• **EXERCISE REQUIREMENTS**
Please give back each line of the material unchanged, but without the images.
═══
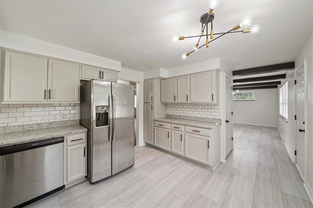 This classic brick raised ranch home offers timeless charm and practical living spaces in a convenient location. Featuring 3 bedrooms and 1 full bathroom on the main level, the home is thoughtfully laid out for comfortable everyday living. The inviting oversized living room welcomes you with natural light, creating a warm space to relax or entertain. The kitchen comes with stainless steel appliances and new granite countertops. Adjacent to the kitchen, the formal dining room provides a lovely spot for meals and gatherings, highlighted by a striking fireplace that adds character and a cozy ambiance. The unfinished basement presents plenty of potential for customization to suit your needs—whether you envision a workshop, hobby area, or additional living space. It also includes a second full bathroom, ready for use or add your own personal touch to it. Enjoy the convenience of the tandem 2-car garage, offering extended space for tools, equipment, or recreational gear. Perched on a hill, this property offers a unique vantage point and a sense of privacy, along with an attractive view of the surrounding area. The sturdy brick exterior provides low-maintenance durability, and the layout makes the home as practical as it is charming. Whether you’re looking for a place to call home or an investment with rental potential, this raised ranch delivers classic appeal, flexible space, and an excellent setting.
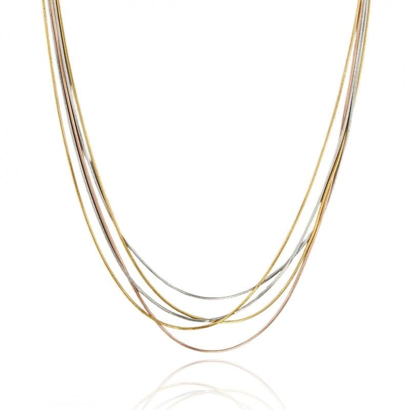 Naszyjnik ze stali szlachetnej platerowany 14-karatowym złotemElegancki i stylowy naszyjnik. WYMIARY Długość całkowita naszyjnika: 40 + 5 cm regulacji Wymiar kartonika z opakowaniem:15,5 cm x 11 cm Waga netto / brutto: 9 g / 15 g Kolor: jasne złoto, srebro STAL CHIRURGICZNA jest odporna na warunki atmosferyczne, nie ulega korozji, nie rdzewieje, nie śniedzieje.
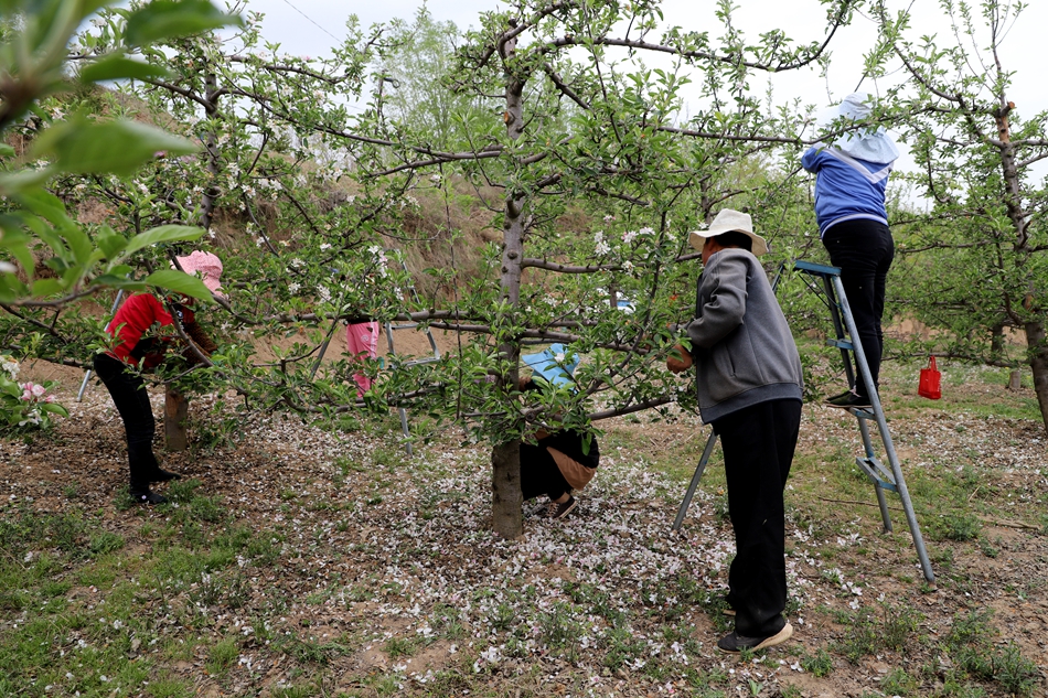 在果園里,果農(nóng)在嫻熟地給蘋果樹疏花,為今年蘋果豐產(chǎn)豐收打下堅(jiān)實(shí)基礎(chǔ)。
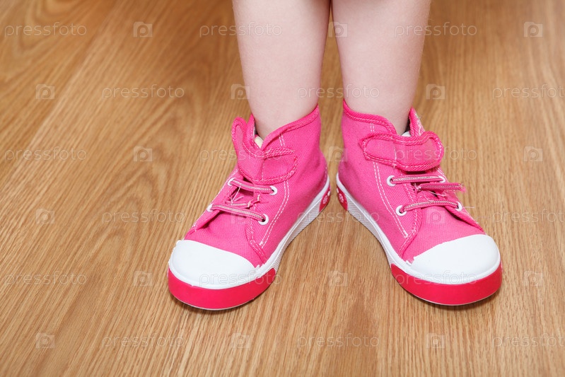 Дети ноги в розовые туфли, стоя на полу
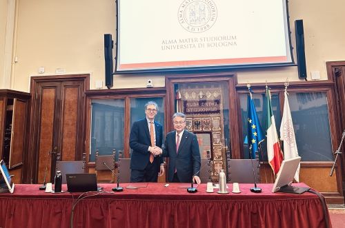 2025年2月13日、ボローニャ大学(イタリア)とMOUを締結しました。本協定により、2026年度から医学部の選択制臨床実習の新たな実習先としてボローニャ大学への学生派遣を開始します。また、同大学大学院のBiomedical and Neuromotor Sciences 、Medical and Surgical Sciences、Life Quality Studiesから短期実習生の受け入れを進めています。これにより、交換留学や教員間の交流を促進すると共に、共同研究へつなげることが期待されています。
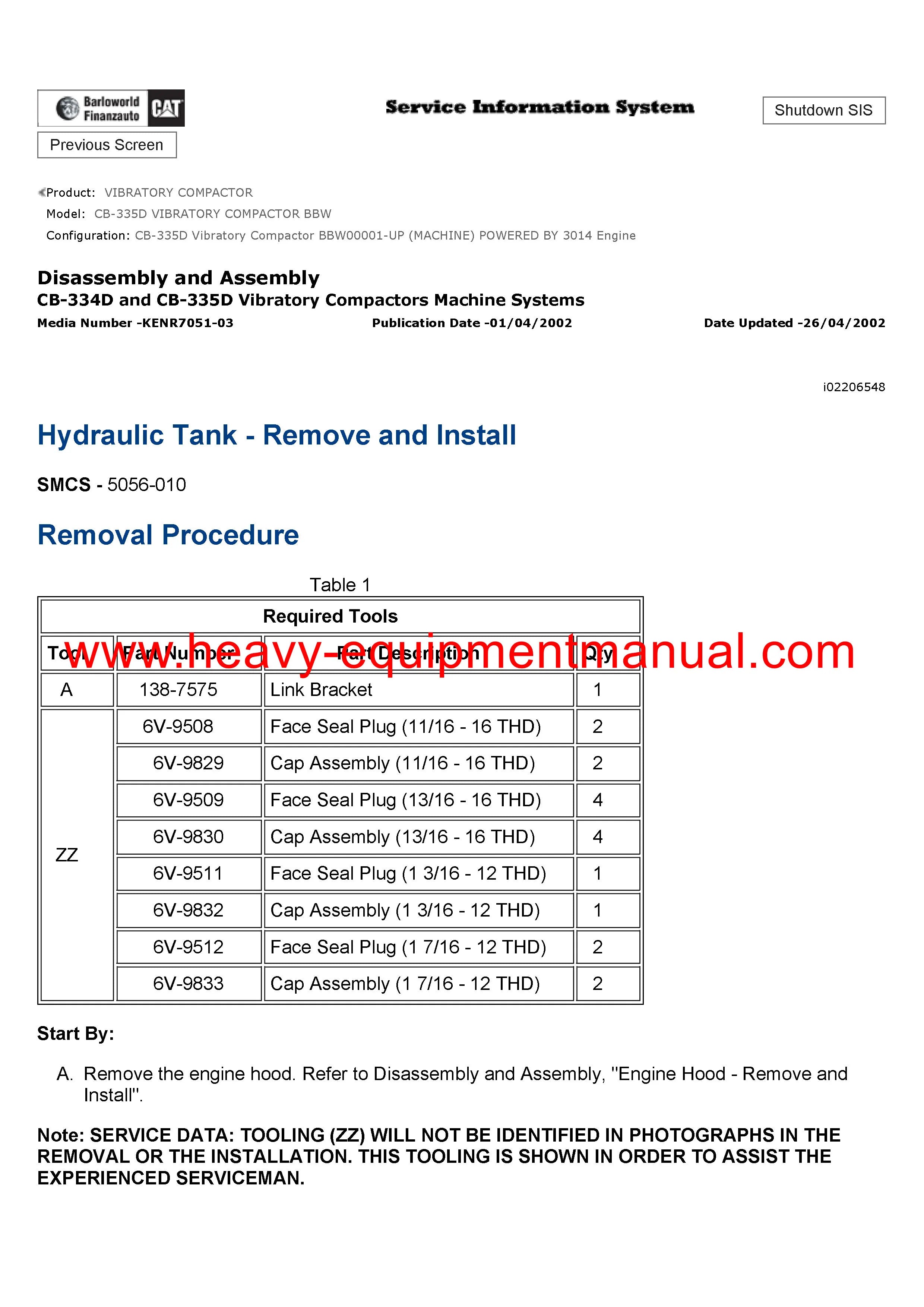 Caterpillar CB-335D VIBRATORY COMPACTOR General Service Information
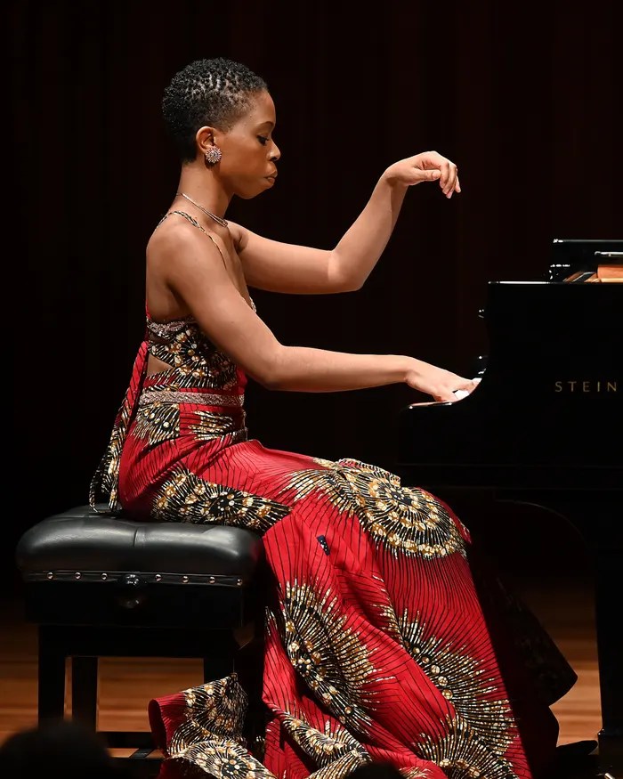对埃格和其他许多独奏家来说,服装是表演的重要组成部分。她说:“这给了我表达自己的机会。我考虑到了颜色和情绪,以及服装会给我和观众带来什么感觉。”她的裙子来自M.A.DKollection,是专为巴比肯的演出设计的。“古代和现代……在设计中融合,有力地说明了我的研究和曲目中的主题。我推崇的是黑人文艺复兴时期的钢琴音乐,这个时代反映了文化复兴的主题,同时也向过去致敬,但带有一种以非洲为中心的转折。这在很大程度上概括了我与音乐会服装的关系!”
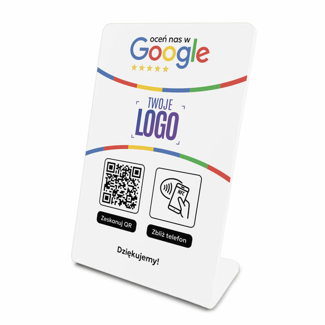 Stojak, prezenter gięty z kodem QR, tagiem NFC i logo Twojej firmy do zbierania opinii w Google jest idealnym rozwiązaniem ...
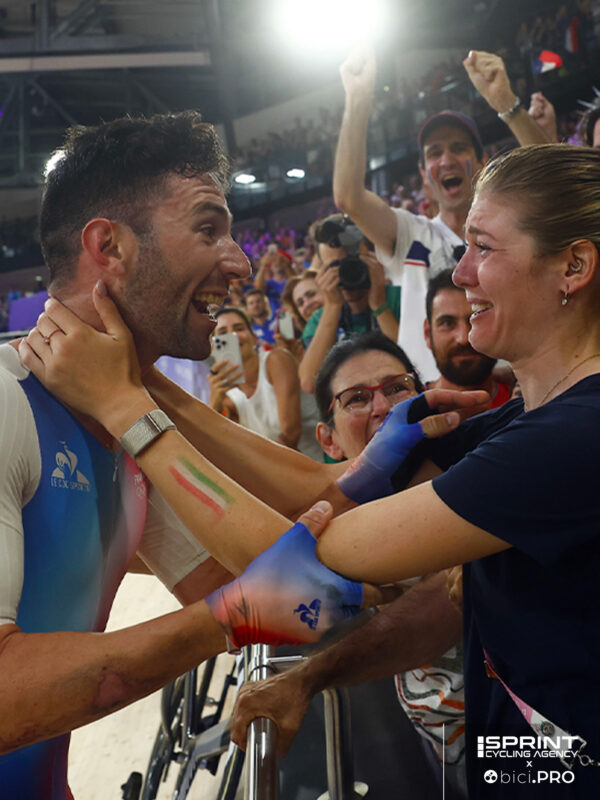 C’è stato un momento, mentre gli italiani erano avviliti per l’opaco omnium di Viviani, in cui un’azzurra si è alzata dalla tribuna, saltando al collo del nuovo campione olimpico francese. Sarebbe stato strano, se non fosse che Alzini e Thomas sono compagni nella vita e Martina ha vissuto accanto al suo “Ben” una rincorsa impegnativa come poche. Il tempo di un tramonto e l’indomani era nuovamente in lacrime ai piedi del podio di Guazzini e Consonni, sue… sorelle dai giorni della Valcar. Emozioni diverse che hanno dato alla trasferta olimpica di Martina un sapore diverso.
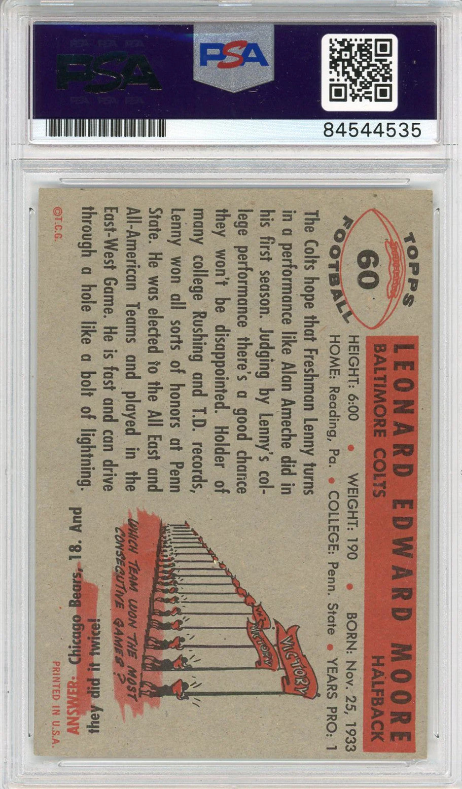 Lenny Moore "Hof 75" Autographed 1956 Topps Card #60 (Psa Auto 10)
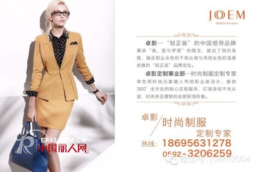 卓影—“轻正装”的中国领导品牌,秉承“美、爱与梦想”的理念,提出了简约易搭,融合职业女性的干练从容与传统女性的温柔优雅的“轻正装”品牌定位。
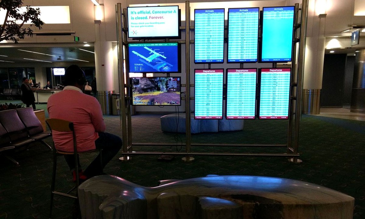Молодой мужчина, ожидавший своего рейса в аэропорту Портленда, решил скоротать время и сыграть в Apex Legends. В качестве монитора он использовал один из экранов информационной системы аэропорта — видимо, входы экрана не были заблокированы.
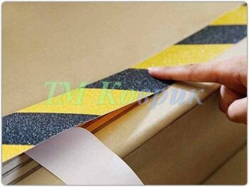 Все дуже просто протиковзна стрічка на сходинці з яскравим орнаментом відразу впадає в око, її неможливо не помітити. Крім того, завдяки своїй зернистості та грубості, вона перешкоджає ковзанню навіть за наявності вологи або снігу. Для монтажу не потрібно спеціально навчені люди та дорогий інструмент, достатньо знежирити поверхню за допомогою будь-якого розчинника, витерти сухою серветкою та акуратно звільнивши край приклеїти тильною стороною захист від ковзання, щільно притискаючи до підлоги серветкою.
═══
• **SOLUTION**
 This classic brick raised ranch home offers timeless charm and practical living spaces in a convenient location. Featuring 3 bedrooms and 1 full bathroom on the main level, the home is thoughtfully laid out for comfortable everyday living. The inviting oversized living room welcomes you with natural light, creating a warm space to relax or entertain. The kitchen comes with stainless steel appliances and new granite countertops. Adjacent to the kitchen, the formal dining room provides a lovely spot for meals and gatherings, highlighted by a striking fireplace that adds character and a cozy ambiance. The unfinished basement presents plenty of potential for customization to suit your needs—whether you envision a workshop, hobby area, or additional living space. It also includes a second full bathroom, ready for use or add your own personal touch to it. Enjoy the convenience of the tandem 2-car garage, offering extended space for tools, equipment, or recreational gear. Perched on a hill, this property offers a unique vantage point and a sense of privacy, along with an attractive view of the surrounding area. The sturdy brick exterior provides low-maintenance durability, and the layout makes the home as practical as it is charming. Whether you’re looking for a place to call home or an investment with rental potential, this raised ranch delivers classic appeal, flexible space, and an excellent setting.
 Naszyjnik ze stali szlachetnej platerowany 14-karatowym złotemElegancki i stylowy naszyjnik. WYMIARY Długość całkowita naszyjnika: 40 + 5 cm regulacji Wymiar kartonika z opakowaniem:15,5 cm x 11 cm Waga netto / brutto: 9 g / 15 g Kolor: jasne złoto, srebro STAL CHIRURGICZNA jest odporna na warunki atmosferyczne, nie ulega korozji, nie rdzewieje, nie śniedzieje.
 在果園里,果農(nóng)在嫻熟地給蘋果樹疏花,為今年蘋果豐產(chǎn)豐收打下堅(jiān)實(shí)基礎(chǔ)。
 Дети ноги в розовые туфли, стоя на полу
 2025年2月13日、ボローニャ大学(イタリア)とMOUを締結しました。本協定により、2026年度から医学部の選択制臨床実習の新たな実習先としてボローニャ大学への学生派遣を開始します。また、同大学大学院のBiomedical and Neuromotor Sciences 、Medical and Surgical Sciences、Life Quality Studiesから短期実習生の受け入れを進めています。これにより、交換留学や教員間の交流を促進すると共に、共同研究へつなげることが期待されています。
 Caterpillar CB-335D VIBRATORY COMPACTOR General Service Information
对埃格和其他许多独奏家来说,服装是表演的重要组成部分。她说:“这给了我表达自己的机会。我考虑到了颜色和情绪,以及服装会给我和观众带来什么感觉。”她的裙子来自M.A.DKollection,是专为巴比肯的演出设计的。“古代和现代……在设计中融合,有力地说明了我的研究和曲目中的主题。我推崇的是黑人文艺复兴时期的钢琴音乐,这个时代反映了文化复兴的主题,同时也向过去致敬,但带有一种以非洲为中心的转折。这在很大程度上概括了我与音乐会服装的关系!”
 Stojak, prezenter gięty z kodem QR, tagiem NFC i logo Twojej firmy do zbierania opinii w Google jest idealnym rozwiązaniem ...
 C’è stato un momento, mentre gli italiani erano avviliti per l’opaco omnium di Viviani, in cui un’azzurra si è alzata dalla tribuna, saltando al collo del nuovo campione olimpico francese. Sarebbe stato strano, se non fosse che Alzini e Thomas sono compagni nella vita e Martina ha vissuto accanto al suo “Ben” una rincorsa impegnativa come poche. Il tempo di un tramonto e l’indomani era nuovamente in lacrime ai piedi del podio di Guazzini e Consonni, sue… sorelle dai giorni della Valcar. Emozioni diverse che hanno dato alla trasferta olimpica di Martina un sapore diverso.
 Lenny Moore "Hof 75" Autographed 1956 Topps Card #60 (Psa Auto 10)
 卓影—“轻正装”的中国领导品牌,秉承“美、爱与梦想”的理念,提出了简约易搭,融合职业女性的干练从容与传统女性的温柔优雅的“轻正装”品牌定位。
Молодой мужчина, ожидавший своего рейса в аэропорту Портленда, решил скоротать время и сыграть в Apex Legends. В качестве монитора он использовал один из экранов информационной системы аэропорта — видимо, входы экрана не были заблокированы.
 Все дуже просто протиковзна стрічка на сходинці з яскравим орнаментом відразу впадає в око, її неможливо не помітити. Крім того, завдяки своїй зернистості та грубості, вона перешкоджає ковзанню навіть за наявності вологи або снігу. Для монтажу не потрібно спеціально навчені люди та дорогий інструмент, достатньо знежирити поверхню за допомогою будь-якого розчинника, витерти сухою серветкою та акуратно звільнивши край приклеїти тильною стороною захист від ковзання, щільно притискаючи до підлоги серветкою.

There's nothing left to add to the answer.